There is a glb file (with Draco compression) that contains multiple objects, each object using the same material map image (for diffuse colors). There is a task to store each object in a separate glb. And a question arose.
Using gltf-pipeline from CesiumGS I can separate the texture from gltf/glb. This works, but on the network tab in the browser, each gltf file downloads the image for itself (via cache)
edit: seem Cesium has it’s own way of loading things. But I let this message in case you can actually use three.js features/plugins to overwrite the engine ones. In other case, this is not a three.js question you may ask Cesium devs.
gltfLoader will create a new material and texture for each model (if they exist, and that’s the trick)
There is still multiple steps to optimize this as you like.
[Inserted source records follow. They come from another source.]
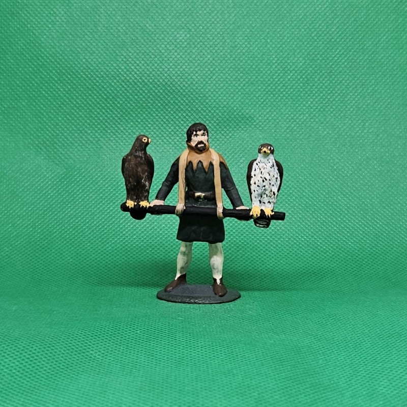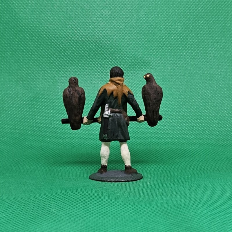 Ručně malovaná cínová figurka středověkého sokolníka se dvěma dravými ptáky na bidle, výška cca 6 cm, hmotnost cca 77 g.
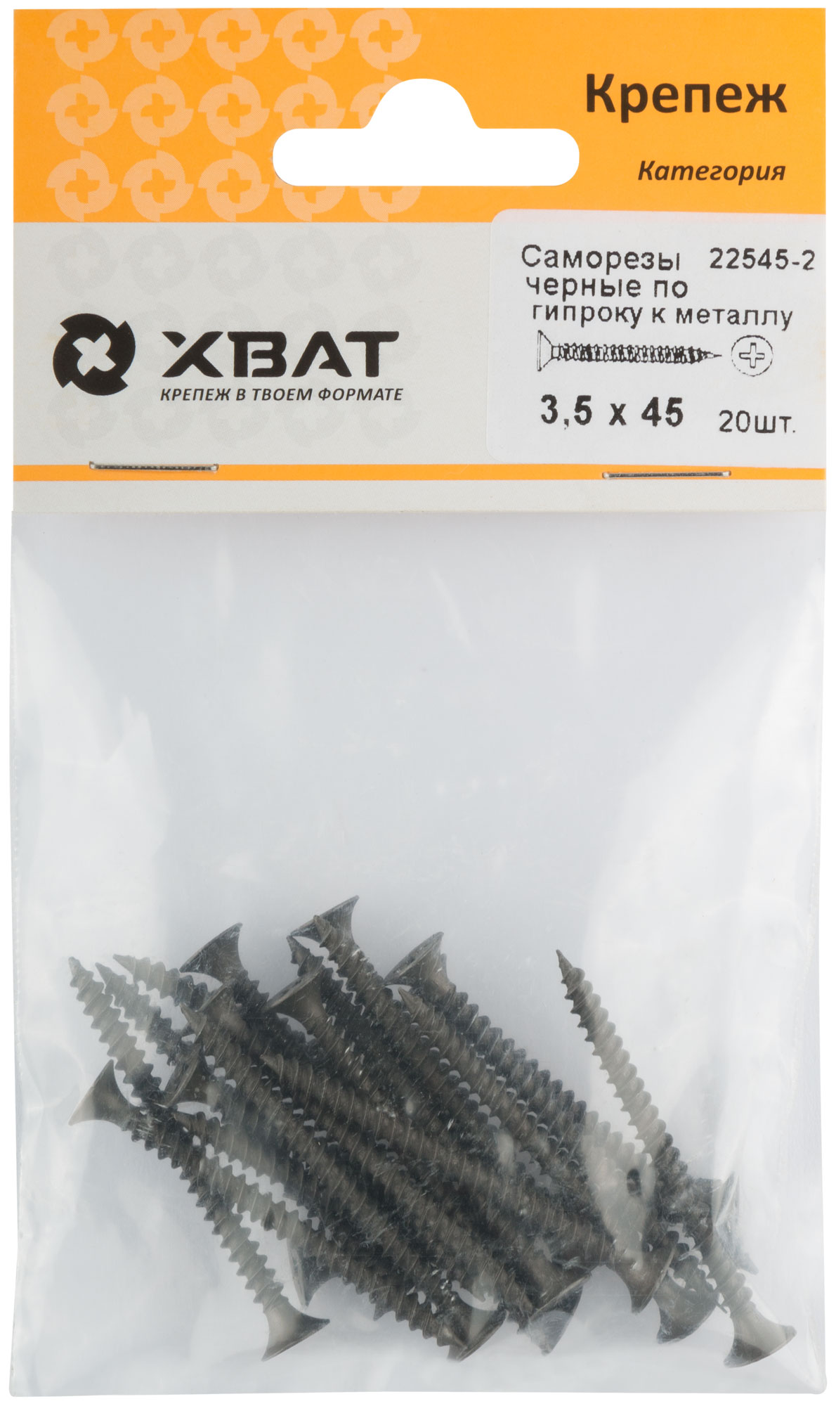 Купить Саморезы черные по гипроку к металлу 3,5 х 45 (фасовка 20 шт) по доступной цене в Москве
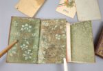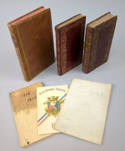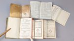 Réunion de 3 almanachs 18ème: Etrennes Bordeloises ou calendrier raisonné du Palais, pour l'année 1773. Bordeaux, Chapuis et Philippot. 6 par 11,5 cm. 240 pages. Plein maroquin rouge, plats encadrés d'une riche dentelle dorée, dos lisse orné, tranches dorées. Le titre est trompeur… Almanach historique du diocèse de Sens, pour l'année 1762. Sens, La Vigne et Duchesne. 6 par 12 cm. Plein maroquin rouge, dos 5 nerfs, plats avec un large encadrement doré, dos orné, tranches dorées. Exemplaire relié avec les deux feuilles de papier aux motifs floraux, qui devaient protéger les exemplaires brochés. Nouvel Almanach encyclopédique ou Chronologie des faits les plus remarquables (…). Année bissextile 1772. Amsterdam et Paris, Pillot, 1772. Plein veau fauve d'époque, dos lisse orné, pièce de titre rouge, triple filet doré encadrant les plats. On joint: Calendrier pour l'année 1816 à l'usage des habitans du département de l'Aveyron. Rodez, Carrere. Broché. Almanach de Liège pour l'année bissextile 1792. Liège, Le Marchand. Broché. Agenda publicitaire A la Bonne Fileuse, pour l'année 1918. Broché Trois charmants almanachs, bien accompagnés.
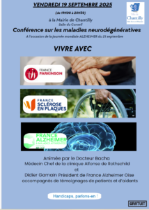 « handicaps, parlons- en! Un évènement le 19 SEPTEMBRE 2025 pour une conférence sur les maladies neuro dégénératives. Venez nombreux a la salle du conseil de la mairie de Chantilly
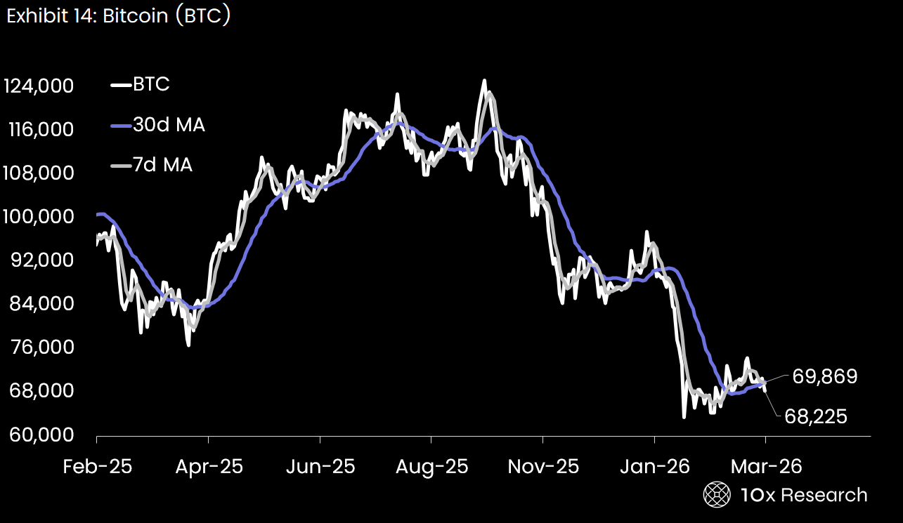 Bitcoin breaking below its 30-day moving average shifts the outlook to neutral-to-bearish amid geopolitical tensions and rising yields.
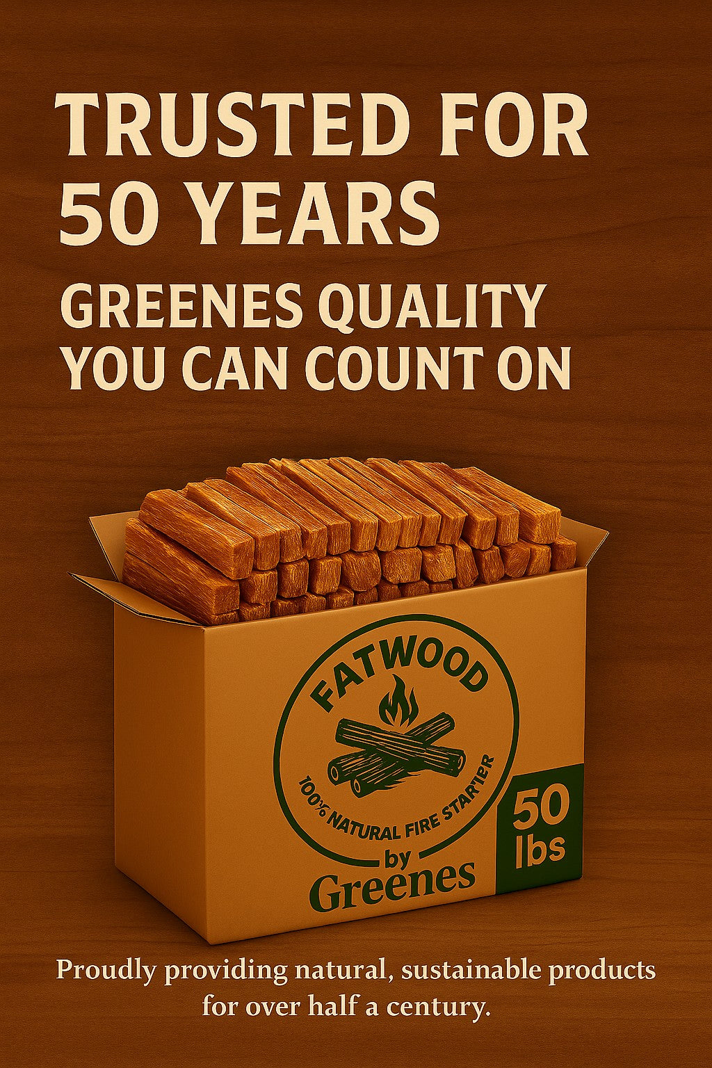 Fatwood by Greenes® — 50 lb Box of 100% Natural Pine Resin Fire Starter

- Before exporting the models with the 3D app: removing all the texture but keeping the UVs
- after loading and before drawing: assigning a new material to loaded objects (texture are loaded separately and assigned to the material with three.js)
- while drawing in the scene: using instanced/merged mesh
- optional shader step: using instanced UV’s with
InstancedBufferAttribute
combined with a texture atlas (allow a single image but multiple UV settings for each instance).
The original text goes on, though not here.